RhinoのRecord Historyとは

Rhinoの「Record History」機能をご存知ですか?これは、元のジオメトリ(親オブジェクト)とそこから派生したジオメトリ(子オブジェクト)の間に、特別な関係性を維持する強力な機能です。親オブジェクトが変更されると、リンクしている子オブジェクトが自動的に更新されるため、パラメトリックなワークフローや反復的なデザイン作業に非常に役立ちます。本チュートリアルでは、Bosjes Chapelの美しい屋根モデリングを通じ、この機能を深く掘り下げます。

Bosjes Chapel屋根のモデリング基礎

まずは、Bosjes Chapelの波打つような屋根形状を作る基礎から。Rhinoの「Curve」コマンドを使い、次数3の滑らかなカーブを作成します。「Point」「Mid」「End」といったOsnapsを正確に活用し、基準ジオメトリに合わせたカーブを引くことが重要です。

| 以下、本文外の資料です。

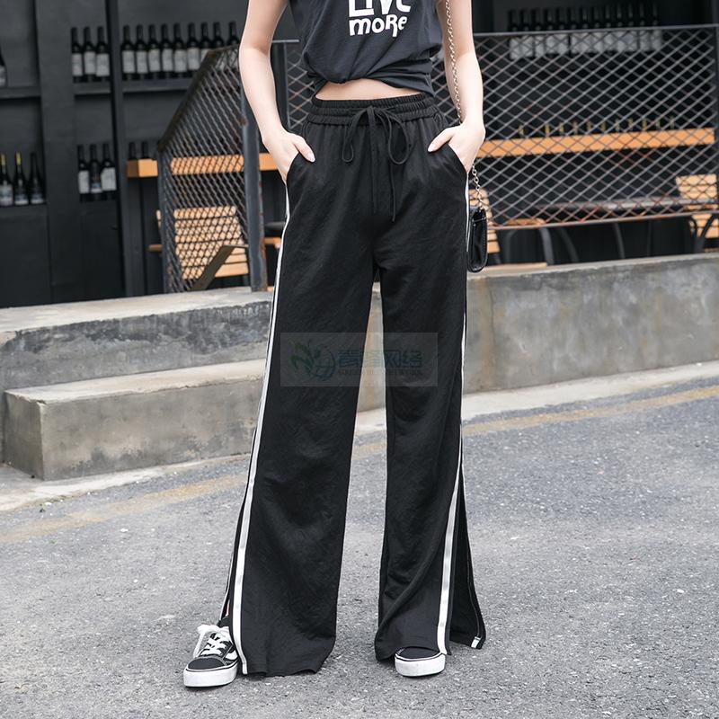 垂感阔腿裤女侧开叉宽松薄款直筒拖地裤女高腰校服裤ins超火裤...

作成したカーブは、「Trim」コマンドで整形し、「Gumball」や「Copy」コマンドを駆使して複製します。カーブを180度回転させ、反対側の曲率を持つ形状を作り出すテクニックは、複雑な波状屋根を効率的に構築する鍵です。「Mirror」コマンドも活用し、左右対称の形状も簡単に。モデリングの途中では、Control Pointsを直接編集し、カーブの微調整も行います。

Record Historyの活用と注意点

いよいよ「Record History」の真髄です。この機能を使うと、コピーしたカーブが元のカーブ(親オブジェクト)とリンクされます。親となるカーブの形状を変更すれば、子となるカーブも自動で追従して更新されるため、デザイン初期の試行錯誤や後の設計変更に柔軟に対応できます。

ただし、「Record History」には限界もあります。すべてのRhinoコマンドが履歴を記録するわけではないため、どのコマンドが履歴を保持するのか理解が不可欠です。建築モデリングで、反復的なデザインや変更が想定される部分をモデリングする際に、この機能は非常に強力なツールとなるでしょう。このチュートリアルで、Rhinoの強力な機能をマスターし、あなたの3Dモデリングスキルを高めましょう!